Keduanya memang tinggal berdekatan. Sugeng Sudewo, putra Bapak/Ibu Hadisubroto (ibu Hadisubroto wafat 15 Januari 2008), tinggal di komplek Perumahan Rakyat Kajen. Hanya sekitar 150 meter, ke arah timur, terletaklah rumah Suparno, yang putra Bapak/Ibu Karsodikromo. Di kampung dan oleh teman akrab ia disebut sebagai Parno Benjo. Adiknya bernama Supardi, punya sebutan Genjik, yang juga bersekolah di SDN 3 Wonogiri.


Sugeng Sudewo dalam sms juga mengatakan, “saya ikut bela sungkawa atas meninggalnya kawan kita.” Kawan kita yang dimaksud adalah Paulus Suparno. Sugeng Sudewo, Suparno sendiri, Sri Wahyono (almarhum), Timbul Susanto (almarhum) Slamet Hartanto dan saya sendiri (Bambang Haryanto), yang sama-sama tinggal di Kajen, merupakan teman seangkatan di SDN 3 Wonogiri. Ketika duduk di kelas 6 kelas kami diampu oleh Bapak Narwoto. Nama terakhir ini kemudian menjadi politisi senior di Wonogiri dari Partai Amanat Nasional.

Photobucket

Memberi hormat. Penghormatan untuk almarhum Paulus Suparno diberikan oleh sanak-saudara, handai tolan dan kenalan yang mengalir tanpa henti. Suasana khidmat menjelang pemberangkatan jenazah.

Photobucket

Duka cita dari kolega. Paulus Suparno hingga akhir hayat bekerja pada Perum Pegadaian selama 30 tahun. Dedikasi yang panjang itu tidak dilupakan oleh perusahaan dan kerabat kerjanya. Nampak karangan bunga tanda empati kepada keluarga yang berduka dikirim oleh Pegadaian Wonogiri dan bahkan juga dari Kanwil Semarang.
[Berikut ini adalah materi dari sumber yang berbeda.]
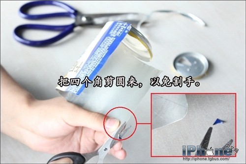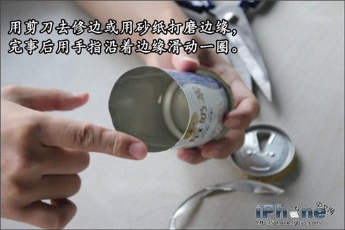 步驟六:將頂部和底部剪開的鐵皮修一修,以免割破手指。

Paulus Suparno meninggal dunia dalam usia 55 tahun, pada hari Senin Kliwon, 16 Februari 2009, jam 15.30 di Rumah sakit Dr Oen Kandang Sapi, Solo. Menurut adiknya Supardi, ia meninggalkan 4 putra/putri dan seorang cucu.
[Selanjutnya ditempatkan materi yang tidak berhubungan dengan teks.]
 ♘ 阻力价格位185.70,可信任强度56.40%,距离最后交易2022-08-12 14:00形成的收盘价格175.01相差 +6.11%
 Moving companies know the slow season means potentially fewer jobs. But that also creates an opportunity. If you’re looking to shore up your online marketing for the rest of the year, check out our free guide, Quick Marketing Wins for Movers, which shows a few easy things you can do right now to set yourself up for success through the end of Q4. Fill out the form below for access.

Jenasah dimakamkan hari Selasa Legi, 17 Februari 2009 di Pemakaman Umum Kampung Kajen. Sebelumnya akan diaksanakan upacara agama Katholik di rumah duka, RT 02 RW 10, Kajen, Giripurwo.

Photobucket

Ucapan terima kasih. Keluarga besar Bapak Paulus Suparno yang sedang berduka, tidak melupakan limpahan empati dan duka cita dari sanak-saudara, kerabat dan handai taulan. Tokoh masyarakat Kajen, bapak Drs. A.K. Djaelani dengan didampingi adik almarhum, Supardi (kanan) dan kakak ipar dari Ibu Suparno, yang mewakili keluarga sedang memberikan sambutan berupa ucapan terima kasih. Juga memohonkan maaf atas segala kesalahan almarhum semasa hidupnya.
Photobucket

Brobosan. Sebelum jenazah diberangkatkan dari rumah duka, nampak sedang dilakukan upacara brobosan oleh keluarga almarhum. Ritus ini merupakan tanda keikhlasan keluarga untuk melepas almarhum menuju rumah abadi di sisi Yang Maha Kuasa.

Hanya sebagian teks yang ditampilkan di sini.